We find no evidence that mutual fund investors follow the advice of financial advisors to rebalance following large stock or bond price movements to restore their portfolio proportions to pre-existing target levels, conclude Ederington and Golubeva in their March 14, 2010 working paper The Impact of Risk and Return Perceptions on the Portfolio Reallocation Decisions of Mutual Fund Investors.
Yes, investing is simple, but not easy to do. Its indeed hard to fight fear in bear markets and greed in bull markets. Even the best can succumb. Retired Montreal lawyer Marc Ryan has been investing for most of his life and now authors a website for investors, independentinvestor.info. What was his worse investing mistake? It was not rebalancing enough after the stock market had moved up so much in 2007.

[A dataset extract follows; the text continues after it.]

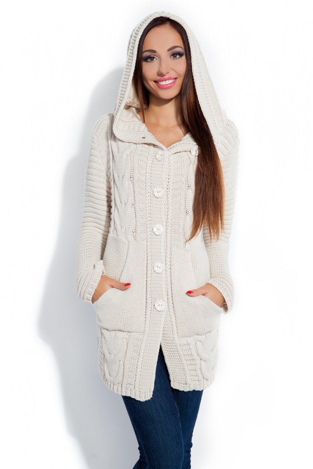 Długi, gruby kardigan z warkoczami i kapturem. Zapinany na guziki, klasyczny model z kieszeniami powinien znaleźć się w szafie każdej kobiety.

There is a debate over how often investors should rebalance. Should they go by some calendar date? Or should they use thresholds that is, only rebalance when asset allocations stray by some amount, often 5 percentage points, from their targets?
The truth is that these considerations matter little compared to whether the investor chooses a rule and sticks to it, writes Michael J. Wiener in his blog, Michael James on Money.
In response to a question about rebalancing, the author of The Only Guide to a Winning Investment Strategy Youll Ever Need, Larry Swedroe, urged investors to think of themselves as postage stamps. The postage stamp does one thing and only thing, but it does it extremely well. It sticks to its letter until it reaches its destination. The job of an investor is to adhere to their plan until they reach their financial goal.